Охранник Лизы уже пятнадцать минут стоял столбом за спиной у Татьяны Плаховой, не решаясь окликнуть ее, не решаясь признаться, что Плахова-младшая от него ускользнула: Получив приказание, оставить ее в покое, охранник — лицо подневольное — схватил машину (мало ли их в плаховском гараже?) и следовал за Лизиным красным спортивным автомобильчиком, пока тот непостижимым образом не оторвался от него, вопреки правилам дорожного движения свернув в переулок на Сретенке. Свернул бы и охранник, но маневр, который счастливо получился у Лизы, не удался ему: был остановлен ГАИ, последовали долгие объяснения и богатый штраф, за время выдачи которого Лиза скрылась. И где она сейчас, неизвестно… Возможно, теряет девственность с мальчишкой не плаховского круга. Возможно, ее похитили террористы. Охранник ожидал справедливой казни. В некотором смысле, он был уже казнен.

— Лизушенька! — не оборачиваясь, позвала Татьяна Плахова. Зычный голос ее — настоящий голос хозяйки, привыкшей к прислуге, — родил эхо в самых отдаленных закоулках многокомнатной квартиры.

— А Лизы нет, Татьяна Сергеевна. — Охранник твердо ступил под дула расстрельных орудий.

Жесткое, отчетливое слово «нет» перебила трель звонка.

— Что-что? — не расслышала, а может, не захотела расслышать Татьяна. — Валерий, так где Лиза?

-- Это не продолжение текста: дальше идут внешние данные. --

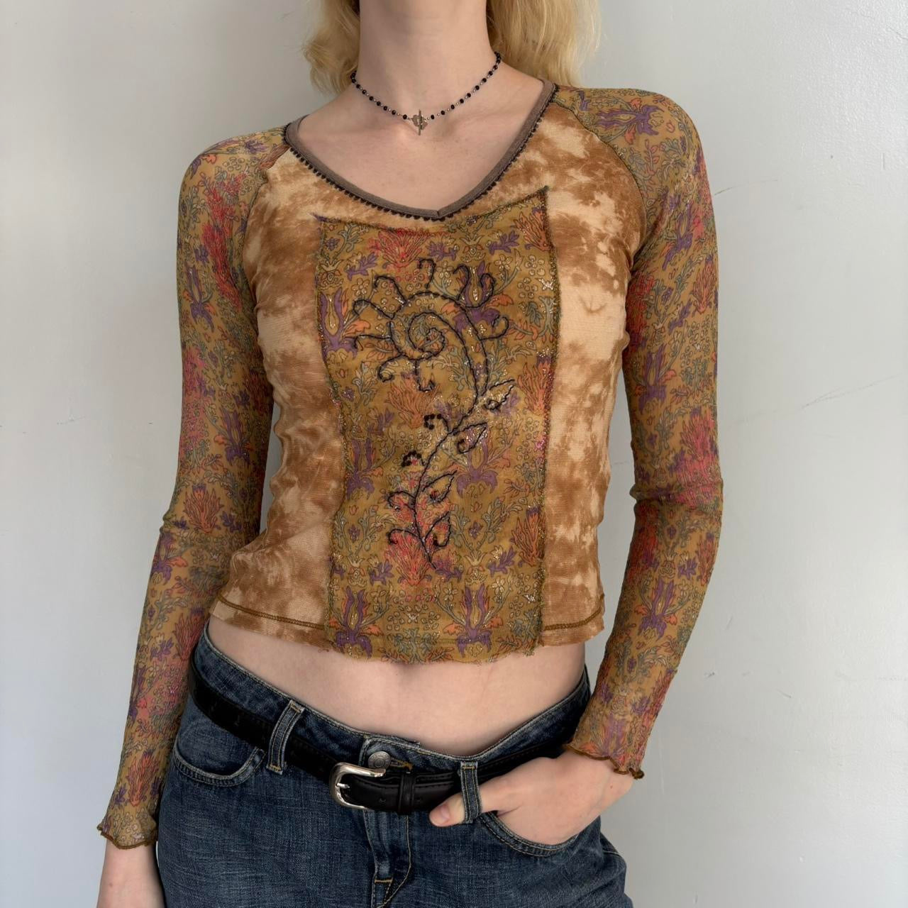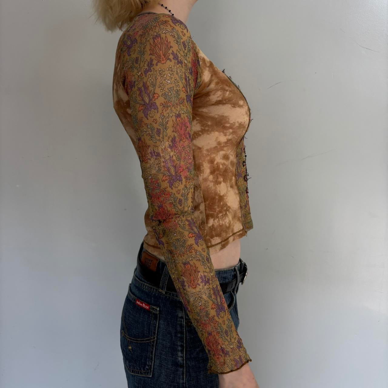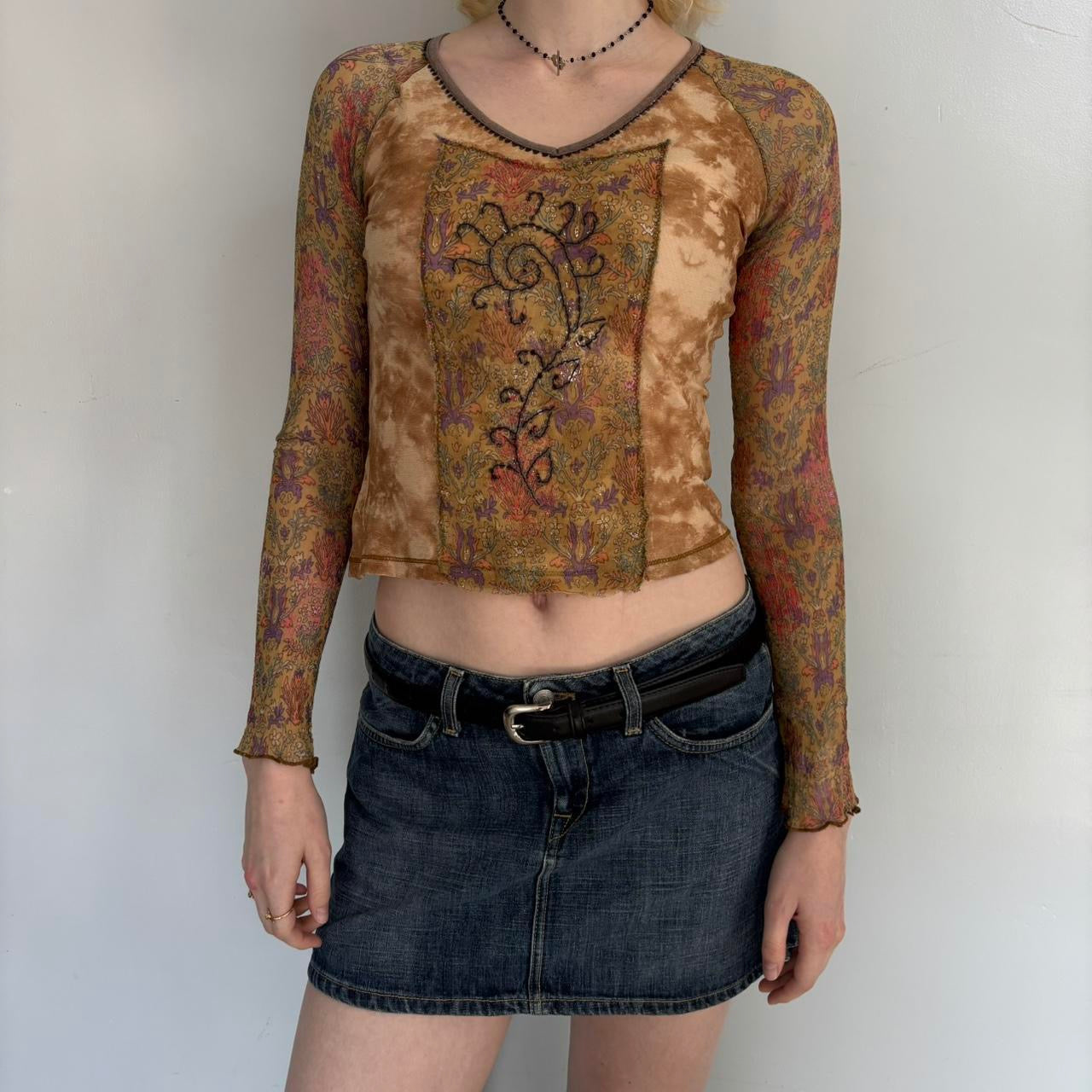 indie boho whimsical vintage Marlboro classics long sleeve mesh top! has sequins and embroidery ad detailing and a funky floral 70s print vibe <3
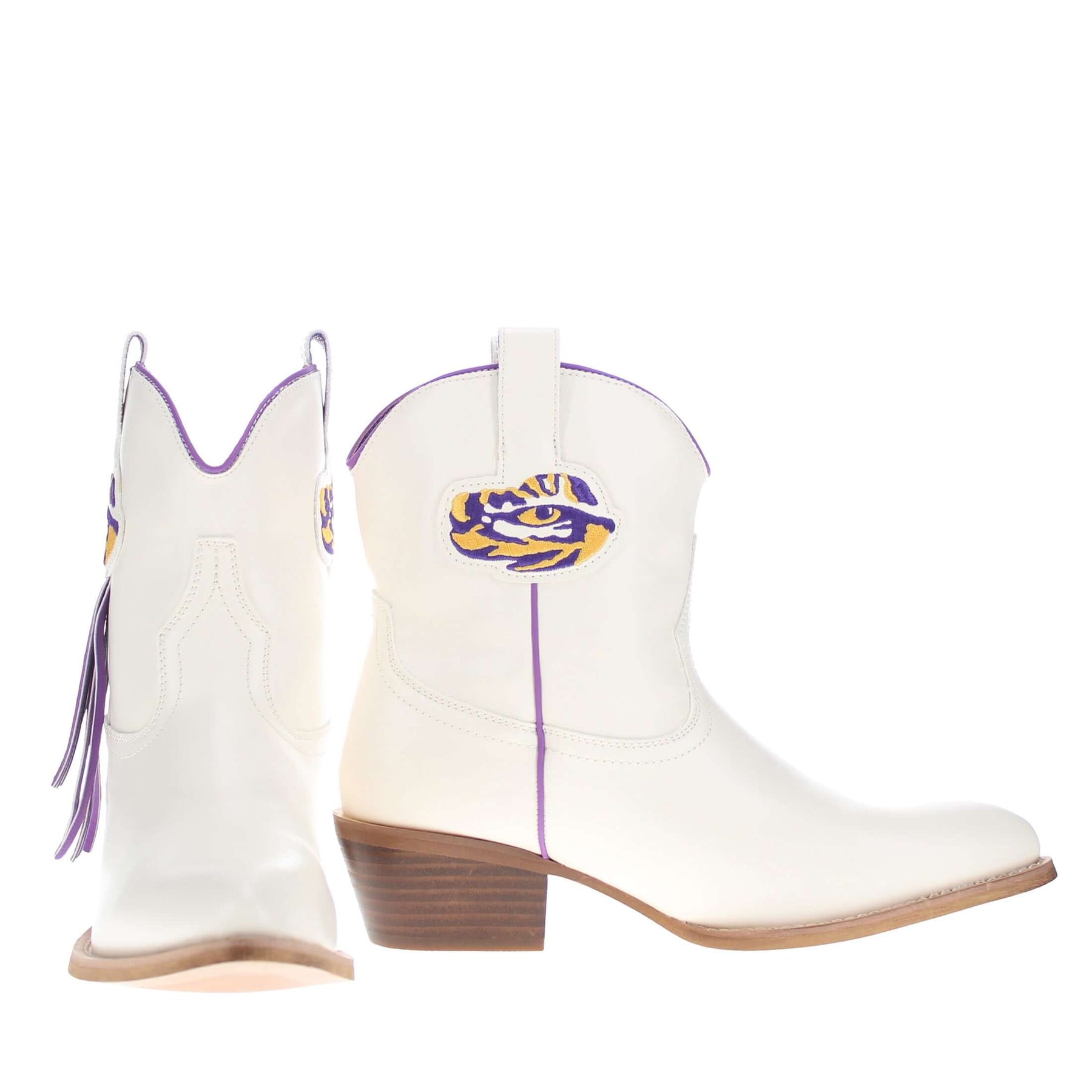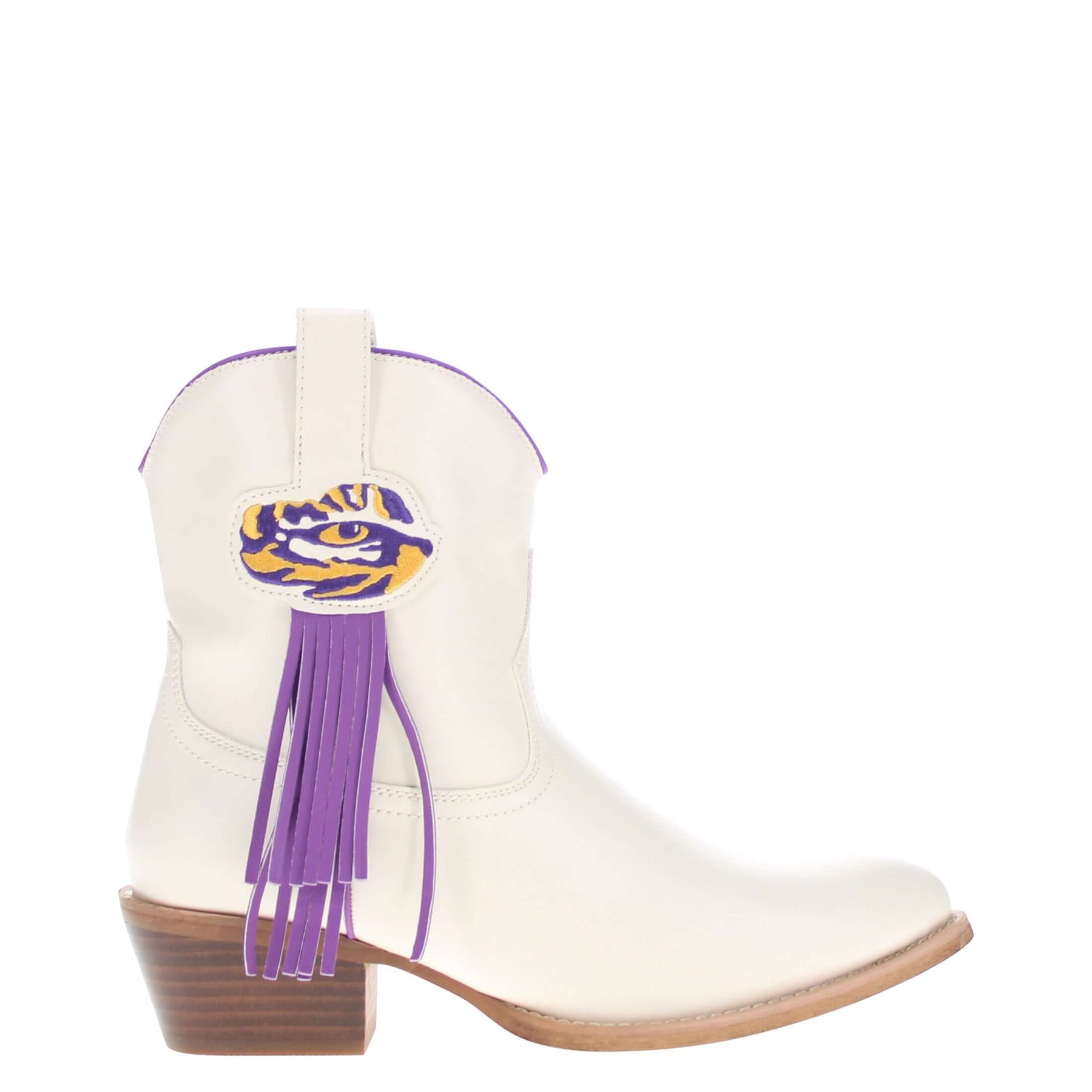 Meet the Lucy, a bold new take on western tradition. Officially licensed for Louisiana State University. The Lucy pairs sleek bone PU leather with the LSU logo and playful fringe for a standout game day look. With its modern silhouette and stacked heel, this boot delivers both comfort and style for every occasion. Geaux Tigers!
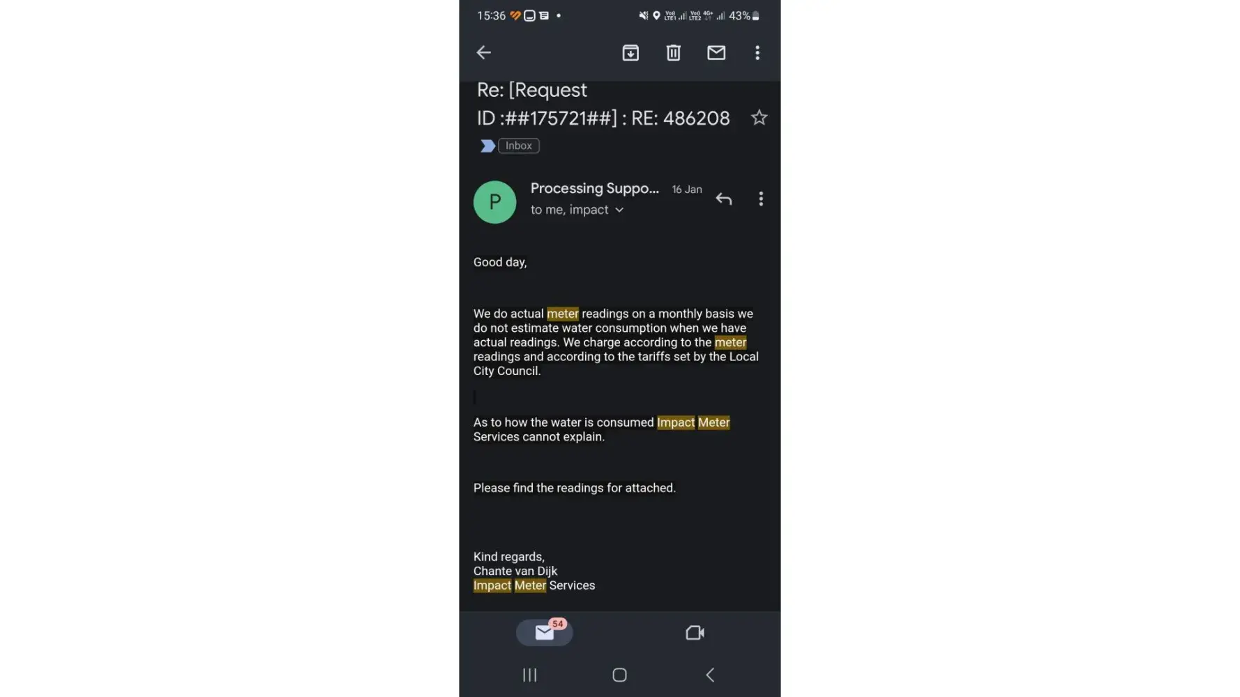 My email was met with disdain. Chante van Dijk indicated that Impact Meters cannot explain how the water is consumed, which was not the question or query. She further suggested that actual meter readings are taken monthly, which I highly doubt because I would not be sitting with this query if that were the case. They use estimations.
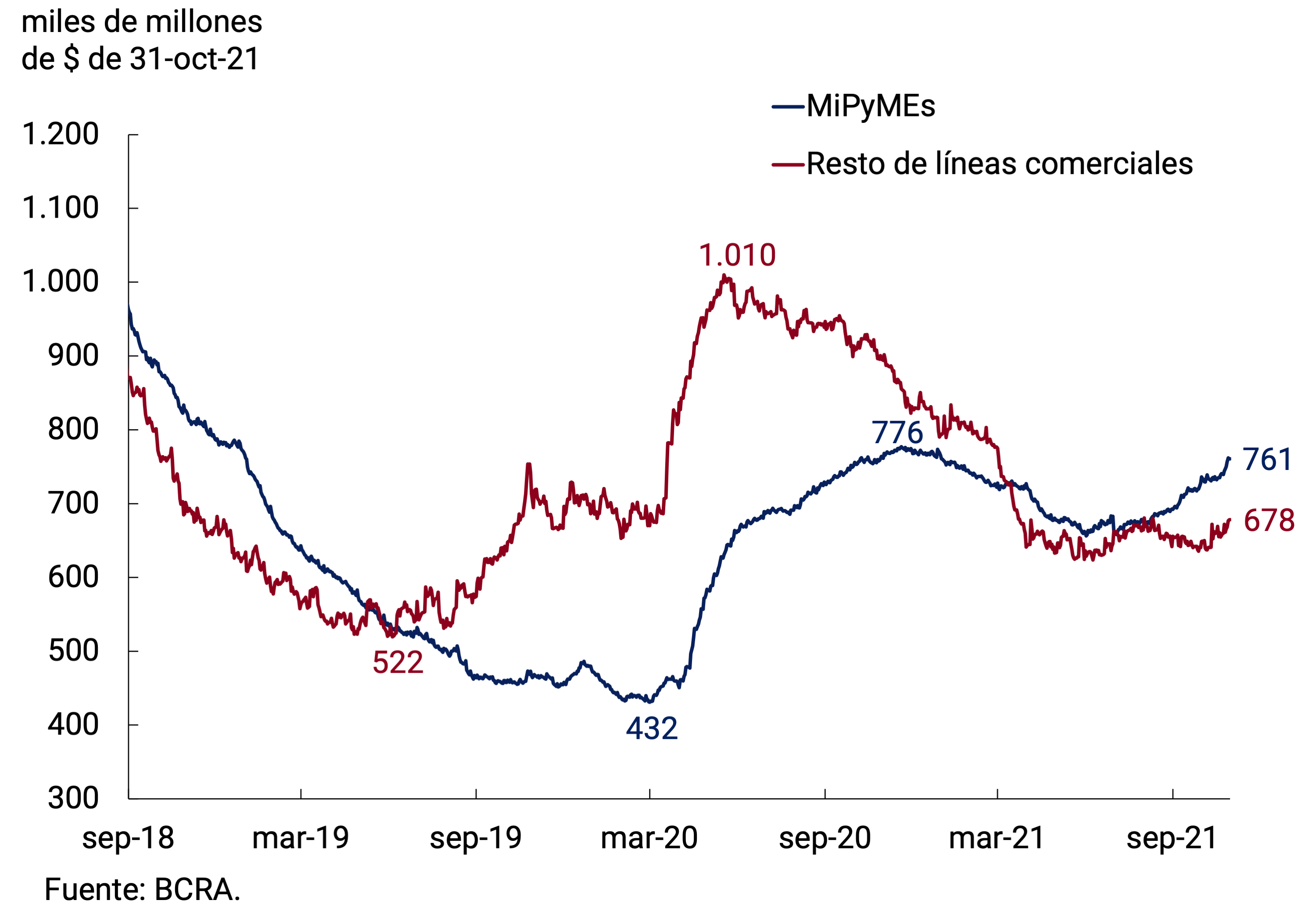 Los préstamos en pesos al sector privado no financiero registraron una tasa de expansión positiva a precios constantes, con aumentos en todas las líneas. Sin embargo, se destacaron particularmente las líneas comerciales de corto plazo (documentos descontados y adelantos).
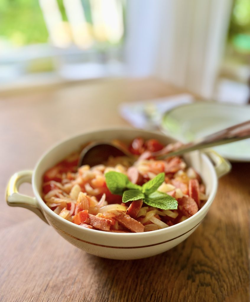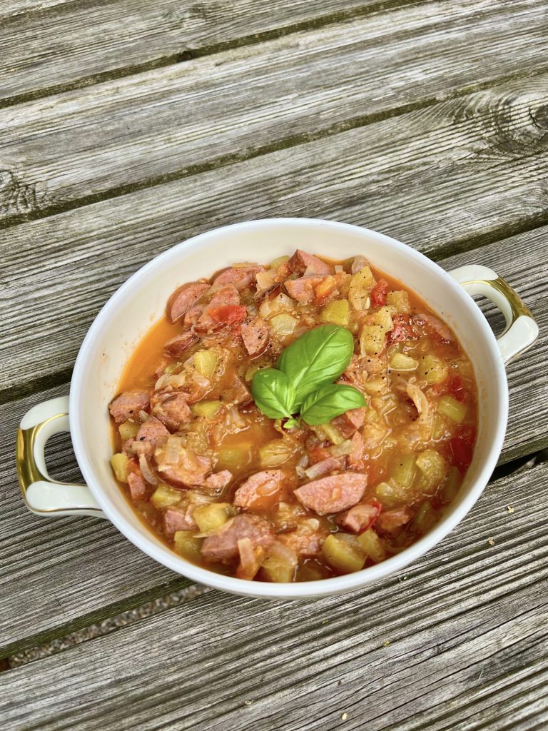 Das Zucchini-Bigos gehört zu meinen Lieblingsrezepten für den Sommer. Großgewachsene Zucchini schmecken mild und süß, ganz anders als die kleinen, die den Gerichten einen herzhaften Geschmack verleihen. Die Wurst aus dem Rezept kann durch Fleisch ersetzt werden. Dadurch verlängert sich die Kochzeit, aber ein Versuch ist es wert. Für die vegane Variante können Tofu oder Tempeh verwendet werden. Auch die Zucchini kann durch anderes Gemüse ersetzt werden. Auf den hier angefügten Fotos habe ich das Bigos mit Mairübchen statt Zucchini zubereitet.

Зазвонивший, торопясь, сам открыл дверь собственными ключами. Через холл и коридор прозвучали торопливые и решительные шаги — словно пронесли раненого, словно огромные капли крови или слез выбили дробь по ковролину.

— Лизы нет, — растерянно повторил охранник, в то время как сзади него раздалось отчетливое:

— Как же нет, Валера, когда вот она я! Мама, пусть Валера выйдет. Мне надо срочно с тобой поговорить.

— А я тоже хотела с тобой поговорить, Лизик, — благодушно и расслабленно запахиваясь в шаль, промолвила Татьяна. — Смотрю, представляешь, на этот роскошный вид и вспоминаю, как ты в шестом классе…

— Мама! — вскрикнула Лиза, точно ее ткнули ножом, но тотчас же овладела собой. — Мама, у нас будет серьезный разговор. Ты меня понимаешь? Серьезный.

По знаку полной руки Татьяны Валерий вышел, счастлив до небес, что на этом все кончилось, и пообещав себе никогда больше не выпускать из-под контроля ту, кого мысленно обругал взбалмошной девчонкой. Очевидно, такого же мнения о своей дочери придерживалась и Татьяна Плахова, потому что, не желая слушать, с каким разговором пришла к ней Лиза, продолжала удерживать инициативу:

— Серьезный так серьезный, Лизочка, но и ты веди себя серьезно. Тебя словно подменили в твоем Вайсвальде. Как приехала, пошли выбрыки, капризы, какие-то секреты, тайны от родных! Я так и сказала папе: незачем было посылать дитя так далеко, нам его там подменили…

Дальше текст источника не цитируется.